O debate sobre este tema, no entanto, iniciou-se desde dezembro de 2010, quando ocorreram as assembléias municipais e departamentais preparatórias. Nestes espaços elegeram-se os delegados e suplentes que iriam à Assembleia Nacional e elaborou-se uma posição política sobre o tema, consultando à população das regiões. Após um tenso debate, a grande maioria dos departamentos decidiu, então, que neste momento a FNRP não tem condições de tornar-se um partido eleitoral e participar do pleito em 2013.
Esta também é a posição de Manuel Zelaya. Em carta enviada à Assembléia, alertou: “não devemos repetir a mesma história dos velhos partidos "emergentes", que assumiram as práticas viciosas dos partidos tradicionais, e terminaram atuando pior que eles. O mesmo poderia ocorrer se aceitarmos, sem refletir, entrar no âmbito eleitoral agora”.

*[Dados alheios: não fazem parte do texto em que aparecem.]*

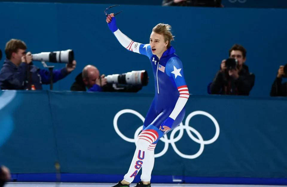 比赛过程中,斯托尔兹与本赛季世界杯排名第三的荷兰选手德波在第14组展开激烈争夺。德波在600米处以40秒25稍占优势,领先斯托尔兹0.27秒。然而到了关键的最后一圈,美国小将展现出了令人瞩目的爆发力,用时仅25秒66,是现场唯一一个最终圈突破26秒的成绩。最终,他以1分06秒28强劲成绩夺魁,刷新奥运纪录足足0.90秒之多。紧随其后的德波也奉献了不俗表现,打出1分06秒78,展示了巅峰实力。

Na eleição que elegeu o atual mandatário, Pepe Lobo, em 2009, este debate também estava latente. A FNRP cogitou criar uma candidatura, mas voltou atrás e protagonizou um expressivo boicote às eleições presidenciais, prontamente abafado pelo regime golpista. Agora, ficou definido que a resistência só vai participar das eleições quando houver as condições necessárias. São elas, o retorno ao país de Manuel Zelaya e de todos os exilados, a convocatória de uma Assembleia Nacional Constituinte, uma reforma da lei eleitoral e mudanças no Tribunal Superior Eleitoral.
Para Carlos Reyes, líder de um dos principais sindicatos da resistência, o Stibys (Sindicato dos Trabalhadores da Indústria de Bebidas e Similares), ir às eleições só fortaleceria o golpe. “Em Honduras, como não voltou a ordem constitucional e como os gringos nos impuseram eleições fraudulentas para legitimar o golpe, a posição da Frente deve seguir a mesma: temos primeiro que fazer uma assembleia nacional constituinte, ter uma nova lei eleitoral e a volta dos exilados antes de falar em processos eleitorais”, concluiu. Berta Cárceres, do COPINH (Conselho Cívico de Organizações Populares e Indígenas de Honduras), considerou o acordo firmado na Assembléia de não participar do processo eleitoral como uma derrota da embaixada americana. “A sabedoria do povo hondurenho foi fantástica ao não entrar no jogo da embaixada americana que quer seguir legitimando o golpe através das eleições.”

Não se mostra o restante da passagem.